■ WORK ITEM ■
Each line from the top of the listing through the one holding "江西省景德鎮(zhèn)市商" should be restated word for word, with nothing added and no pictures.

■ DATASET EXCERPT ■

↓

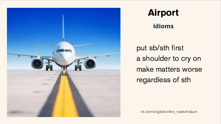 В книге много выражений, связанных с гражданской авиацией. А также, каждая книга – это возможность увидеть выражения из книг, которые вы прочитали на английском языке и из фильмов, которые вы посмотрели на английском. Чем чаще вы видите выражения, тем лучше вы их запоминаете. · put sb/sth first – ставить кого-то, что-то на первое место · a shoulder to cry on - человек, которому можно поплакаться в жилетку · make matters worse – в довершение всех несчастий · regardless of sth - независимо от чего-либо · a take-off – взлет (самолета) · a landing – посадка (самолета) · to delay a take-off – задерживать, откладывать взлет · the flights are delayed – рейсы задержаны · an airfield – аэродром · a runway - взлетно-посадочная полоса Книга рассказывает о том. как работает международный аэропорт, какие есть отделы и как они работают, с какими проблемами сталкиваются сотрудники аэропорта. Мы наблюдаем за героями книги, когда они работают, а также за их жизнью вне работы. Книга будет полезна тем,
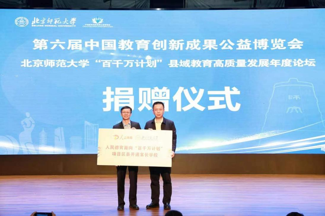 在论坛上,由中国西部人才开发基金会联合人民德育发起的家校社协同育人公益项目,向北师大“百千万计划”部分项目区县开通家长学校服务,旨在充分发挥中央媒体在助力青少年思想成长中的关键作用,切实推动构建家校社协同育人新格局,不断探索和实施针对新时代青少年家庭教育的有效策略,建立健全覆盖城乡一体的家庭教育指导体系,推动我国县(区)域教育高质量发展。
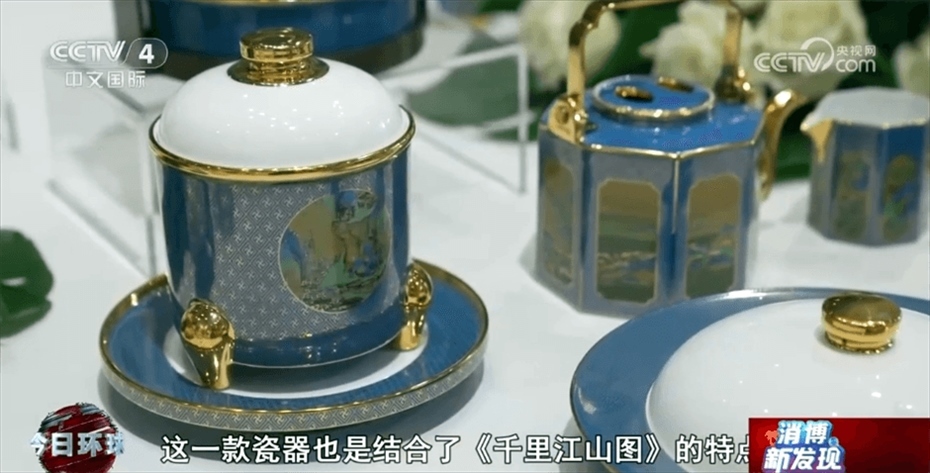江西省景德鎮(zhèn)市商務(wù)局工作人員章少聰介紹稱:“這一幅畫(huà)是北宋王希孟先生創(chuàng)作的,叫作《千里江山圖》。這一款瓷器也是結(jié)合了《千里江山圖》的特點(diǎn),把中國(guó)傳統(tǒng)畫(huà)中的山水、花鳥(niǎo)都完全在瓷器上面展現(xiàn)出來(lái)?!?/p>
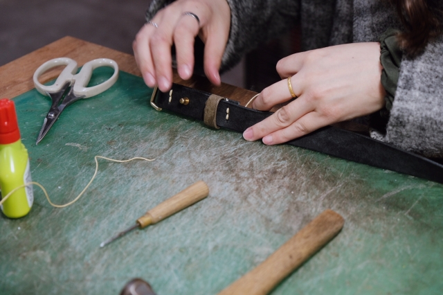 穴の位置や長さなど、ご自身のサイズに合わせて調節します

↑

■ RESULT OF THIS TASK ■
 В книге много выражений, связанных с гражданской авиацией. А также, каждая книга – это возможность увидеть выражения из книг, которые вы прочитали на английском языке и из фильмов, которые вы посмотрели на английском. Чем чаще вы видите выражения, тем лучше вы их запоминаете. · put sb/sth first – ставить кого-то, что-то на первое место · a shoulder to cry on - человек, которому можно поплакаться в жилетку · make matters worse – в довершение всех несчастий · regardless of sth - независимо от чего-либо · a take-off – взлет (самолета) · a landing – посадка (самолета) · to delay a take-off – задерживать, откладывать взлет · the flights are delayed – рейсы задержаны · an airfield – аэродром · a runway - взлетно-посадочная полоса Книга рассказывает о том. как работает международный аэропорт, какие есть отделы и как они работают, с какими проблемами сталкиваются сотрудники аэропорта. Мы наблюдаем за героями книги, когда они работают, а также за их жизнью вне работы. Книга будет полезна тем,
 在论坛上,由中国西部人才开发基金会联合人民德育发起的家校社协同育人公益项目,向北师大“百千万计划”部分项目区县开通家长学校服务,旨在充分发挥中央媒体在助力青少年思想成长中的关键作用,切实推动构建家校社协同育人新格局,不断探索和实施针对新时代青少年家庭教育的有效策略,建立健全覆盖城乡一体的家庭教育指导体系,推动我国县(区)域教育高质量发展。
江西省景德鎮(zhèn)市商務(wù)局工作人員章少聰介紹稱:“這一幅畫(huà)是北宋王希孟先生創(chuàng)作的,叫作《千里江山圖》。這一款瓷器也是結(jié)合了《千里江山圖》的特點(diǎn),把中國(guó)傳統(tǒng)畫(huà)中的山水、花鳥(niǎo)都完全在瓷器上面展現(xiàn)出來(lái)?!?/p>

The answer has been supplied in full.